Clinical Research Jobs – Central Monitor at Novo Nordisk | Life Science Jobs | Apply Now
Are you searching for impactful clinical research jobs that combine innovation, patient safety, and global exposure? Novo Nordisk jobs offer life science professionals the chance to work in a dynamic clinical development environment. This Central Monitor role in Bangalore is ideal for candidates passionate about risk-based monitoring, clinical trial oversight, and advancing healthcare outcomes—making it a standout opportunity among life science jobs in India.
- Job Title: Central Monitor
- Category: Clinical Development
- Department: Centralised Monitoring Unit (CMU)
- Location: Bengaluru
About the Company:
Novo Nordisk is a global healthcare company driven by a strong purpose—putting patients first. With millions worldwide relying on its therapies, Novo Nordisk continues to lead innovation in diabetes care and clinical research. Working at Novo Nordisk means contributing to meaningful scientific progress while growing in a collaborative, international environment.
Job Overview:
The Central Monitor position within the Centralized Monitoring Unit (CMU) in Bangalore focuses on proactive, risk-based clinical trial monitoring. The role supports patient safety, data quality, and regulatory compliance through advanced analytics and close collaboration with global stakeholders.
Educational Requirements:
- Bachelor’s degree in life sciences, scientific, or healthcare discipline
- Minimum 3+ years of relevant clinical research experience
- Strong understanding of drug development and RBQM principles
Key Responsibilities:
- Define and monitor trial-specific and standard Key Risk Indicators (KRIs)

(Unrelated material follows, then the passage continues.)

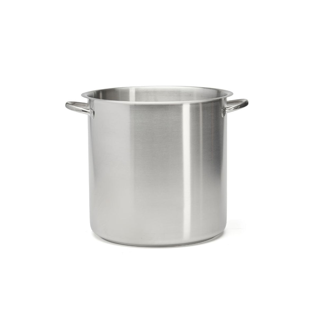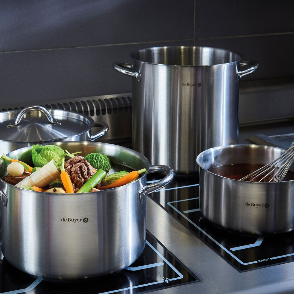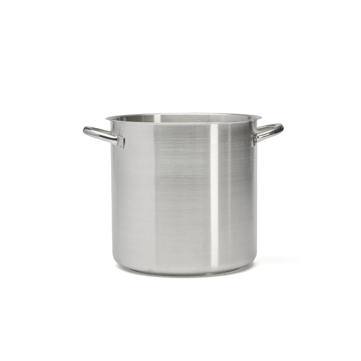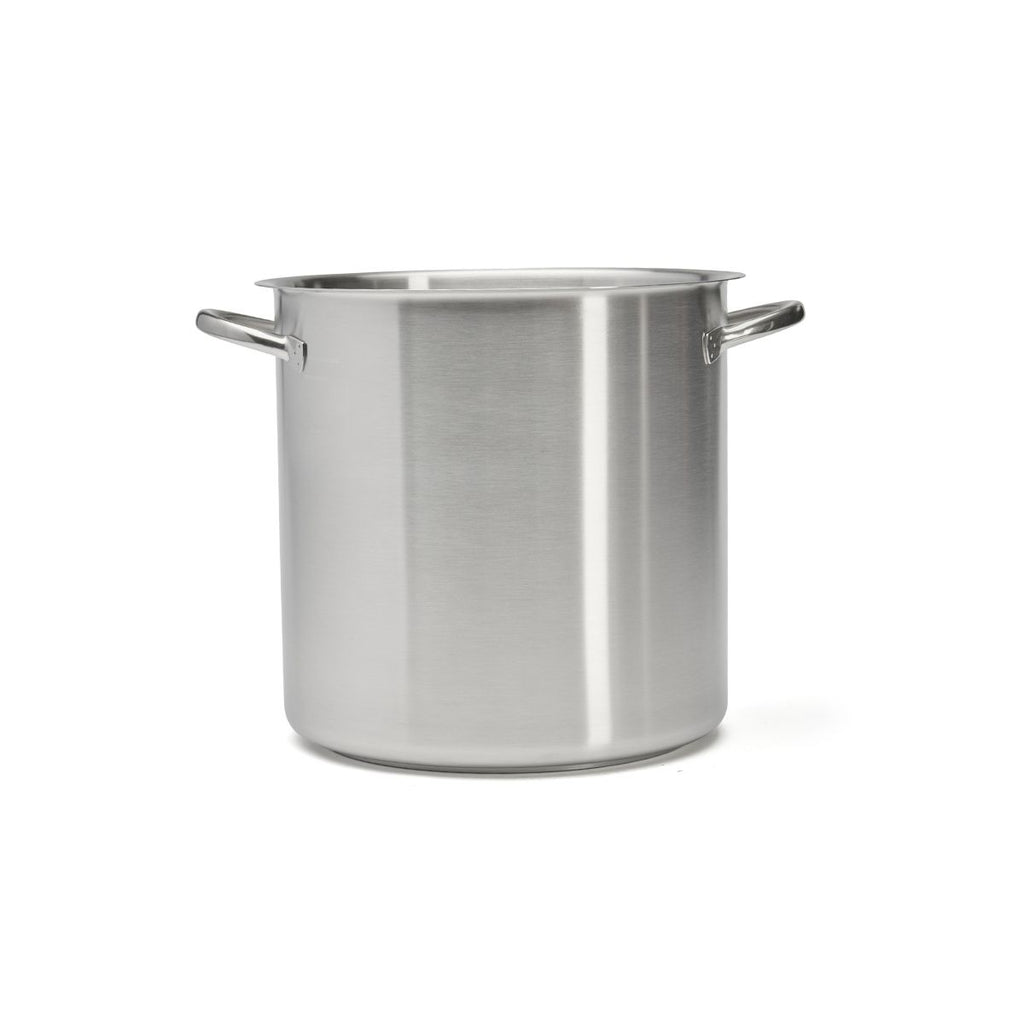 Olla alta de acero inoxidable 18/10 con acabado satinado y base difusora del calor, apta para todas las cocinas incluida la inducción.
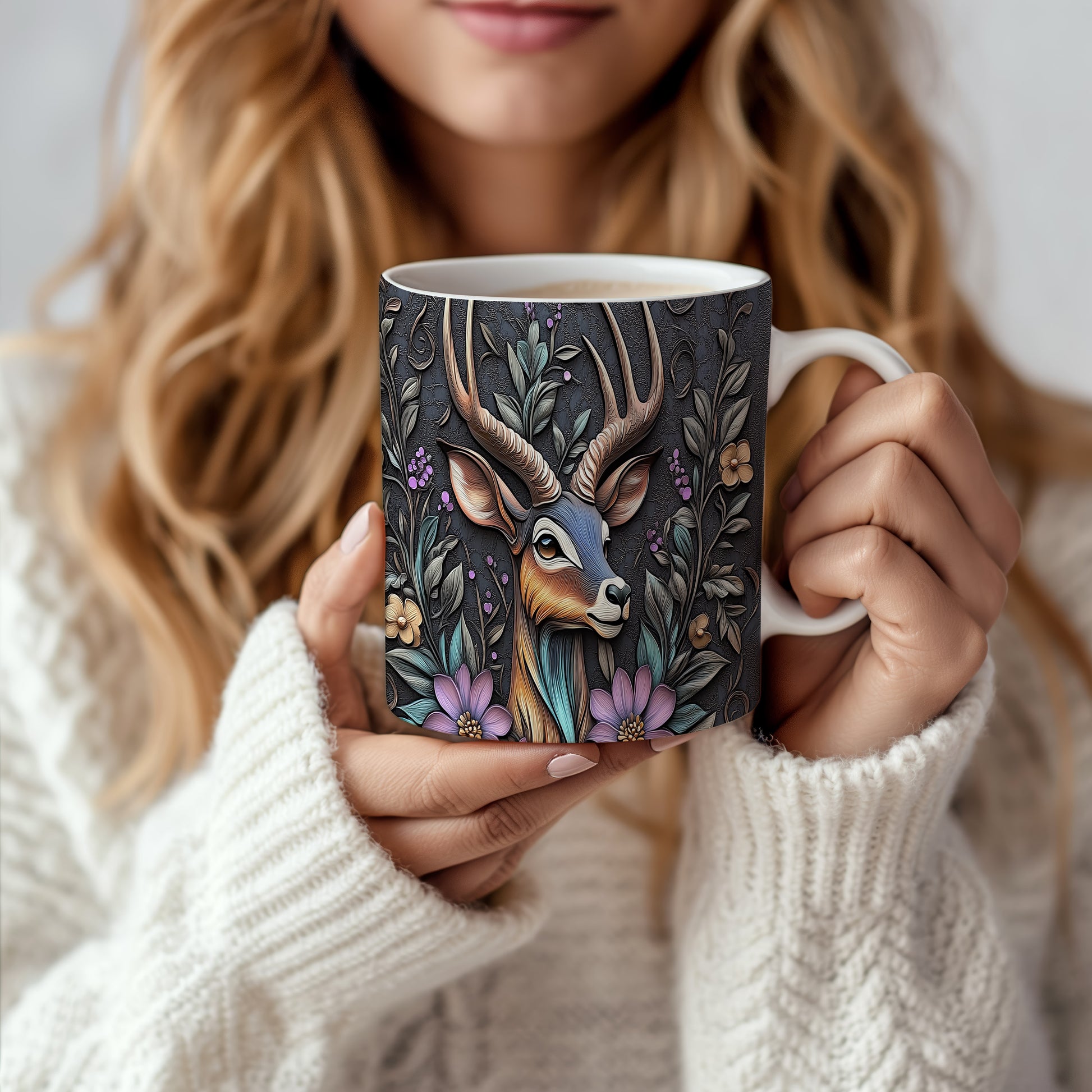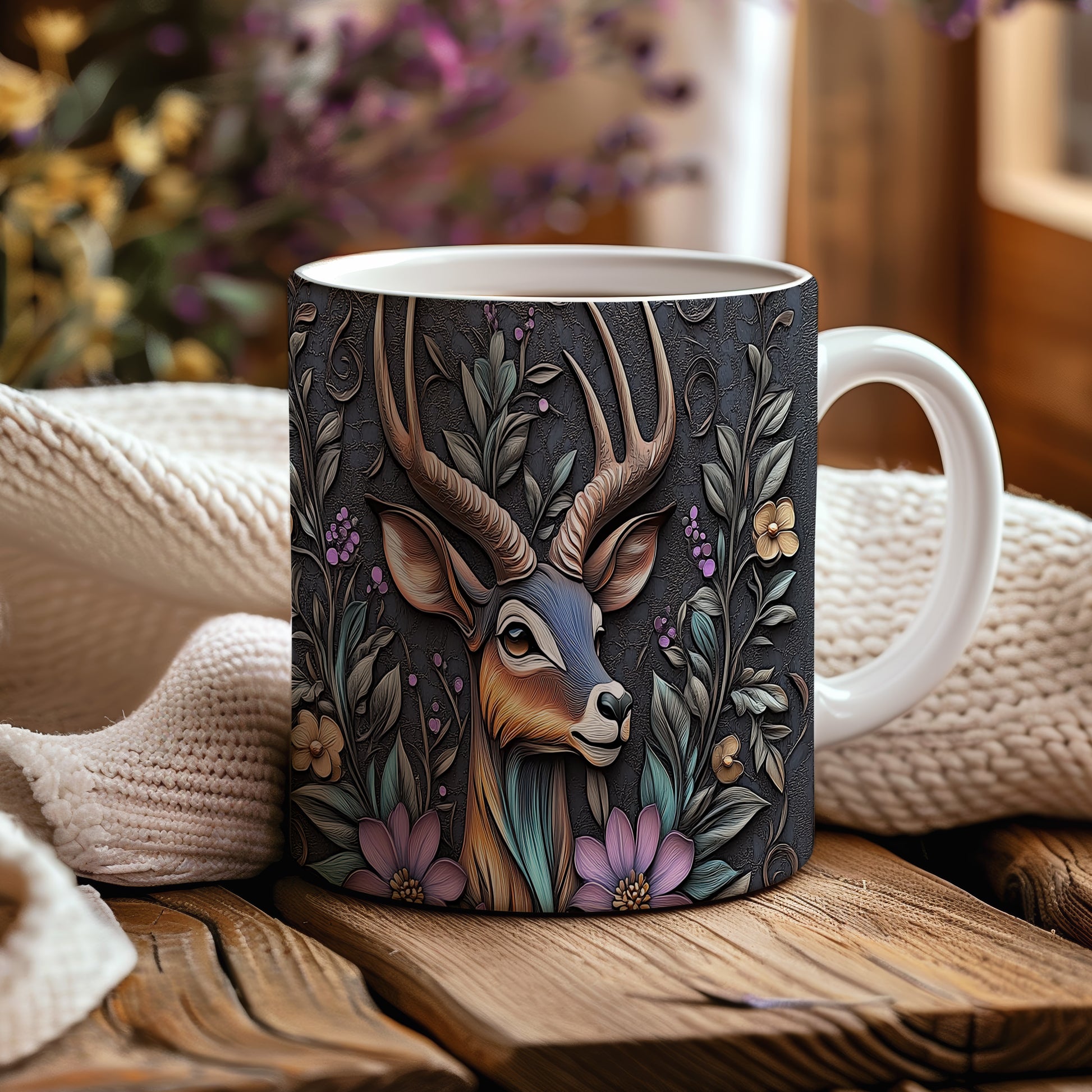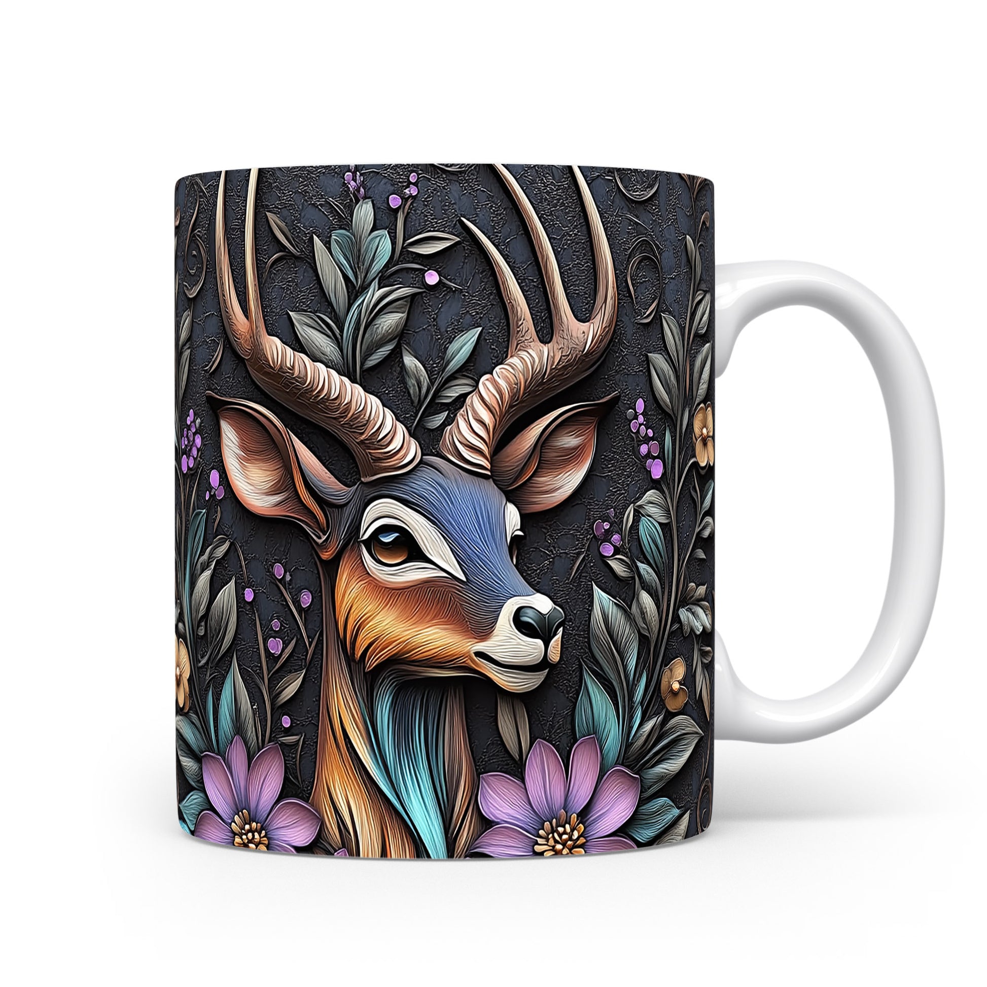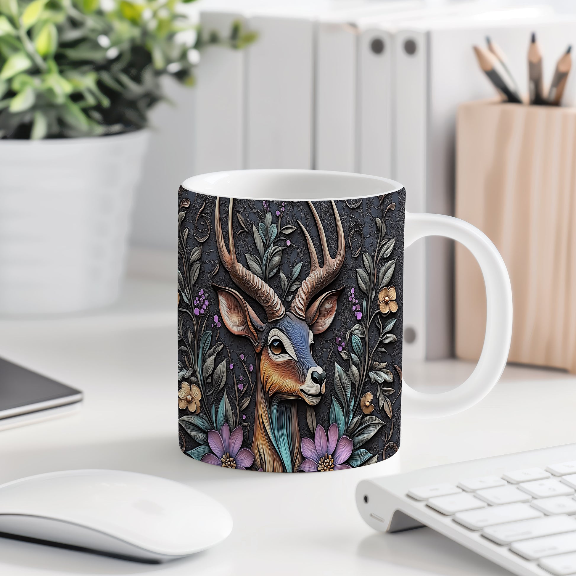 Tento pestrobarevný hrnek s elegantním motivem jelena obklopeného květinami a listím je ideální pro milovníky přírody. Skvělý tip na dárek pro přátele nebo rodinu, kteří ocení originální design. Materiál: keramika. Objem: 330 ml. Vhodné do myčky i mikrovlnky. Používání tohoto hrnku přináší radost z každého doušku.

- Perform ongoing centralized operational monitoring using dashboards and analytics tools
- Identify risks related to patient safety, data quality, and compliance
- Communicate findings to stakeholders and participate in project meetings
- Ensure adherence to ICH-GCP, SOPs, and regulatory guidelines
- Drive continuous improvement and innovation within the CMU team
Skills Required:
- In-depth knowledge of ICH-GCP E6 R2/R3 guidelines
- Experience in risk-based quality management (RBQM)
- Strong analytical and data visualization skills
- Understanding of clinical trial operations and execution
- Excellent communication and stakeholder management abilities
- Ability to manage multiple priorities under tight deadlines
- Quality mindset with attention to detail
- Basic understanding of AI tools in clinical operations
- Experience with CluePoints solutions (preferred)
This Central Monitor role is a compelling opportunity for professionals seeking meaningful clinical research jobs with global impact. At Novo Nordisk, your expertise directly contributes to patient safety, innovation, and the future of clinical development, making this one of the most rewarding life science jobs available today.